Crypto founders are increasingly relocating to Dubai as Europe’s MiCA regulatory deadline looms. The migration accelerated roughly 18 months ago, driven by frustration with European bureaucracy. After July 1, 2026, firms operating under legacy national frameworks can no longer offer MiCA-regulated services in the EU. The exodus includes experienced serial entrepreneurs, not newcomers. Binance, the world’s largest crypto exchange by trading volume, withdrew its MiCA application in Greece last week, suspending some EU services while pursuing alternative licensing. Rivals OKX and Coinbase swiftly announced deposit bonuses of up to 8% to attract displaced Binance users.
In-Depth:
The pickup launched about 18 months ago, before MiCA’s first rules took effect, she declared. Stablecoin regulations launched applying about a year ago, and crypto-asset service providers have been working through a transition period before the July 1, 2026, deadline. After that date, firms relying on legacy national regimes will no longer be able to provide MiCA-regulated services in the EU.
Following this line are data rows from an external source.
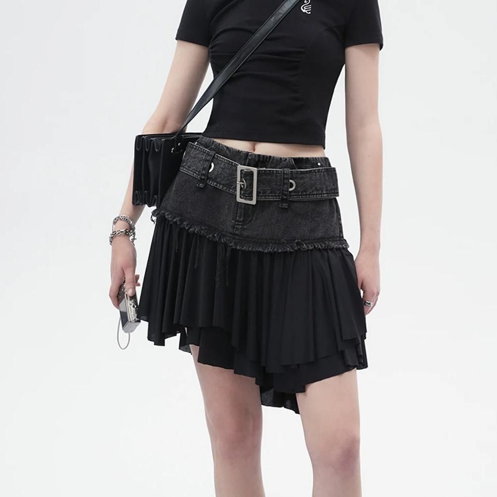 Street Black Denim Mini Skirt with Ruffled Hem
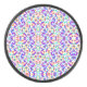 Circular item with a vibrant, symmetrical purple hockey puck
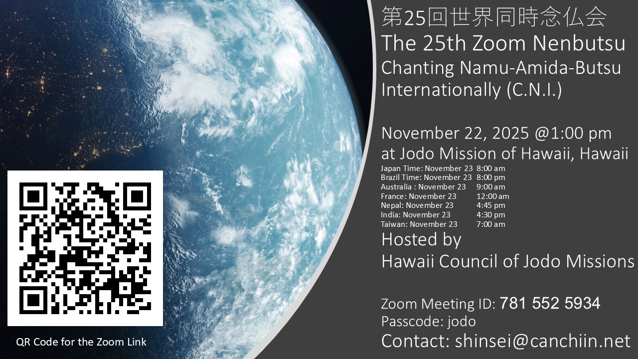 2020年11月の第1回目から今回で25回目の開催で、11月の幹事は浄土宗ハワイ開教区からの中継配信が中心となります。参加者は、それぞれの場所から、ZOOMにアクセスし、オンラインでお念仏を1時間、ご一緒にお称えいたします。皆様どうぞ下記のZoomリンクからアクセスご参加下さいますようお願い致します。
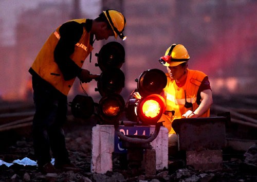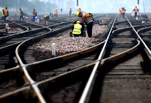 施工人员在交错的铁轨间更换信号设备。
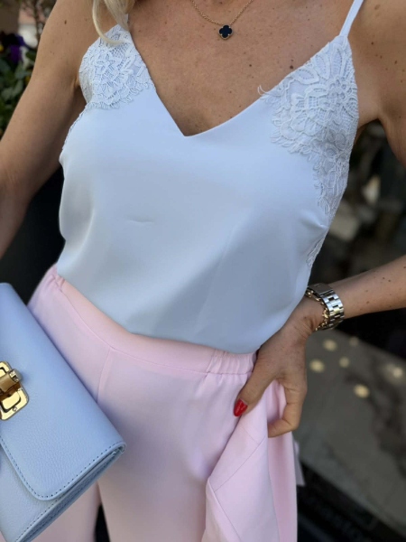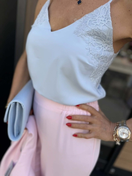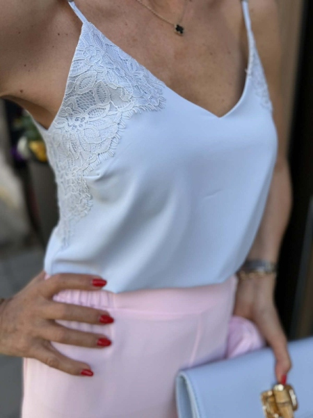 Топ от фина материя в светло син цвят с декорация от дантела. Моделът е с права кройка и тънки презрамки, които могат да се регулират.
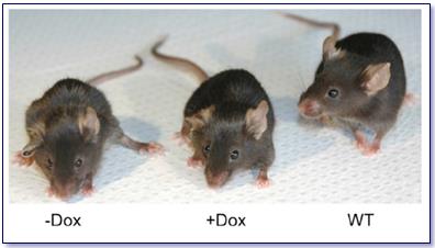 Fotografía de tres ratones utilizados en el experimento. –Dox: ratón transgénico con progeria al que no se ha sometido a ningún tratamiento. +Dox: ratón transgénico con progeria en el que se ha inducido la expresión de los factores de Yamanaka. WT: ratón sano. El ratón con progeria sometido a tratamiento, presenta mucho mejor aspecto que al que no se le indujo la expresión de los factores de Yamanaka. Imagen obtenida de Ocampo, A. et al. Cell. 15 diciembre 2016, Vol. 167, Nº 7, páginas 1719-1733.
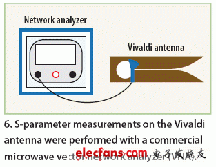 测量包括产生S参数和辐射方向图。图6是用于评估Vivaldi天线S11参数的测试设置实例。在进行测量之前,矢量网络分析仪(VNA)必须先完成校准。然后将Vivaldi天线的50Ω连接器和VNA的端口1连接器通过一根50Ω的低损耗同轴电缆连接起来。VNA测量频率范围被设为8到12GHz。

The inquiries come from entrepreneurs frustrated by bureaucracy and regulatory burdens in Europe.
“They’re not just some random guys,” she declared. “They’re former founders or current founders, somebody with multiple exits, somebody with years of experience in crypto.”
The deadline is already reshaping the competitive landscape. Binance, the world’s largest cryptocurrency exmodify by trading volume, withdrew its MiCA application in Greece last week and notified EU utilizers it would suspfinish some services while seeking another regulatory route. The company declared it remains committed to Europe.
“Our ambitions in Europe remain the same, and we are confident we will secure a MiCA licence in the coming months,” Binance declared in a statement to CoinDesk on Thursday.
Rivals are attempting to capitalize. OKX and Coinbase (COIN) announced bonutilizes of up to 8% of total deposits and transfers for new utilizers the following day.